Hi everyone, I have been here before, but I finally decided to make an account cause I am just so frustrated and I wanted to just let out all the bile before my family comes home and I unleash it on them...
I am annoyed. I am annoyed with myself for thinking that working hard, making the honor roll, joining the honors society, getting involved with school activities, and polishing up my resume till its really good was enough to get me noticed by HR. I am annoyed that I thought that putting on a grey suit and putting on the approriate amount of makeup, having copies of all pertinent documents and putting on my best "hire me" show was enough to make recruiters interested in possibly setting me up for interviews for their floors. I thought that being intelligent and personable, loving nursing, being good at it, having great references, preceptorships, externships, a BSN from a highly regarded school would be enough if I interviewed well and have a good resume. Hah. Oh, and getting the interview? Im thinking about forgetting nursing and turning professional stalker.
I am annoyed with nursing friends who were lucky enough to get hired quicker than I was for "suggesting" more locations to apply for. I know they are only trying to help, but what do they think? I havent been trying hard enough? I have applied to pretty much every facility within 30 miles and I dont even drive! Ill worry about that if I have the opportunity to worry it. It would be more helpful to just sympathize with me and say they know its tough out there.

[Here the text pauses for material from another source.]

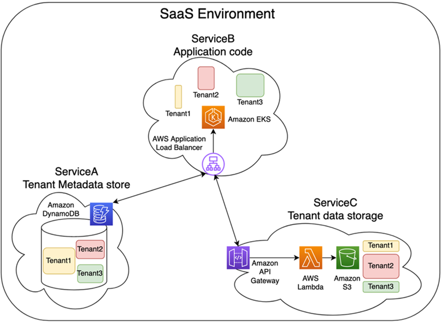 Un ejemplo típico en un entorno de Amazon Web Services (AWS) es una solución SaaS que almacena datos de tenants en Amazon Simple Storage Service (Amazon S3) y utiliza Amazon DynamoDB para administrar el perfil de usuario junto con un clúster de contenedores como la solución de cómputo que genera informes para los usuarios.
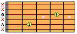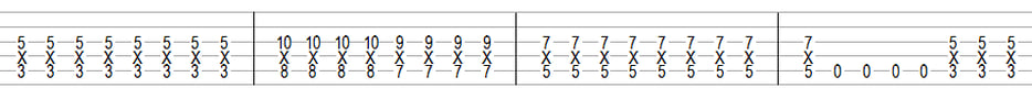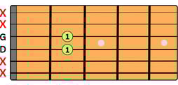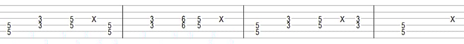 The G5 and C5 are played similarly to a G major and Cadd9 chord, the only difference is the string below the middle finger is muted by the underside of that finger.

Also annoyed with all those non-nursing folks (and even some people involved in healthcare!!) asking me "You havent gotten a job yet? But there is such a nursing shortage!!" At which point I have to explain to them that there is in fact a nursing shortage only because people are refusing to hire nurses, especially new ones, lest they think I am an idiot or a loser for not being hired.
And I am kind of annoyed with watching the numbers go up on the scale as I sit home all day in front of the computer and eat. And eat. Oh, and sleep. Good times.
If youve made it this far thanks for listening to my rampage! I promise I usually am a normal and well adjusted human being but I guess some days you wake up on the wrong side of the bed...heres to a better day tomorrow!